My home uses so much energy that it is rare that the solar array can top off the battery. In a hot summer day of 120F degree, and when the low temperature of the day at dawn is 90F, I used as much as 100 kWh/day, mostly for the central 5-ton AC.

I installed a 1.5-ton mini-split to provide auxiliary cooling for the 1st floor which has the living space and the master BR, and raised the thermostat of the central AC, and let the rooms upstairs get up to 85F.

The off-grid solar system was able to run the mini-split around the clock, except for the hottest days. The average daily consumption in July dropped from 85 kWh/day down to 44 kWh/day.

The saving of 41 kWh/day is not entirely due to the solar array, as it only produces about 20-25 kWh/day due to some shading. The rest is due to the use of the mini-split just to cool the downstairs (1700 sq.ft.), and let the empty upstairs (1000 sq.ft.) stays hot.

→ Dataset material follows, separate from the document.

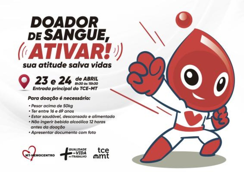 A Secretaria Executiva de Gestão de Pessoas do Tribunal de Contas de Mato Grosso (TCE-MT), por meio do Núcleo de Qualidade de Vida no Trabalho, realiza a primeira campanha de doação de sangue de 2025, das 8h30 às 15h30 desta quarta (23) e quinta-feira (24). Fruto de parceria com o MT-Hemocentro, a ação tem por objetivo contribuir com o abastecimento do estoque do único banco de sangue público de Mato Grosso.

PS. My off-grid system can barely produce enough power to run the mini-split heat pump for cooling in the summer and heating in the winter. During the shoulder seasons in spring and fall when the temperature is moderate, the excess power is used for the water heater, the refrigerator, and some kitchen appliances.

I installed automatic transfer switches to switch some house circuits between the inverters and the grid as appropriate. The entire system of inverters, chargers, and battery racks is in a storage shed in the backyard. Solar panels are ground mounted.